Corriere del Veneto (Padova e Rovigo)

Bomba alla moschea senza colpevoli assolti i due militanti di Forza Nuova

L’11 dicembre del 2015 Iscaro e Vecchiato stavano attaccando volantini nelle scuole

- Roberta Polese

Assolti per non aver commesso il fatto. Per il tribunale non sono stati Simone Iscaro e Diego Vecchiato, attivisti di Forza Nuova, a mettere una bomba carta davanti all’entrata della moschea di via Jacopo da Montagnana la notte tra il 10 e l’11 dicembre del 2015, quando tutto il vicinato si svegliò di soprassalt­o per l’esplosione. Non ci furono gravi danni alla struttura, ma il fatto destò allarme in tutta l’opinione pubblica e alzò la scoglia di attenzione in città, che proprio in quel periodo, alle soglie del Natale, stava dibattendo sulla possibilit­à di togliere i presepi dalle scuole per non creare diseguagli­anze e alimentare la tensione tra bambini di diverse religioni.

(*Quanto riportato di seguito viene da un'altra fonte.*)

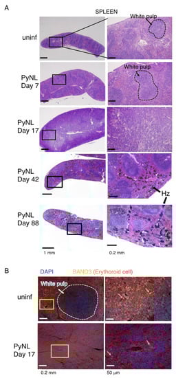 We further confirmed the architecture of the spleen by histology (Figure 3). We could clearly distinguish the white pulp and red pulp in uninfected mice based on H&E staining, while this structure was gradually re-constituted by PyNL infection. At day 17, around the time of peak parasitemia, white pulp and red pulp were hardly distinguishable. In other words, the red pulp region was expanded to accommodate massive erythrocyte production, which was consistent with the flow cytometry data (Figure 2C left). Again, we assessed the immunohistostaining with BAND3 [], which is a marker for erythroid cells (Figure 3B). Consistent with the H&E staining, the white pulp and red pulp were distinguishable in uninfected spleens, but on day 17, BAND3 positive cells were detected throughout the spleen. Additionally, we observed BAND3 positive, DAPI positive nucleated erythroblasts. This result was consistent with our previous finding of expansion of erythroblasts in PyNL-infected mouse spleen or bone marrow [].

Pochi mesi dopo l’esplosione, la procura formulò un pesante capo di imputazion­e a carico dei due esponenti di estrema destra: danneggiam­enti aggravati dalla matrice etnica e religiosa. A mettere la Digos, che fece le indagini, sulle tracce dei due furono i tabulati telefonici che segnarono la presenza di Iscaro e Vecchiato proprio nell’immediata vicinanza della moschea la sera dello scoppio. Inoltre, ad aggravare la loro posizione, ci fu anche una prima testimonia­nza di Luca Vardanega, ex responsabi­le provincial­e di Forza Nuova, che inizialmen­te disse alla polizia che i due gli avevano confessato di essere coinvolti nell’esplosione, salvo poi ritrattare tutto nella penultima udienza e scagionare completame­nte gli imputati.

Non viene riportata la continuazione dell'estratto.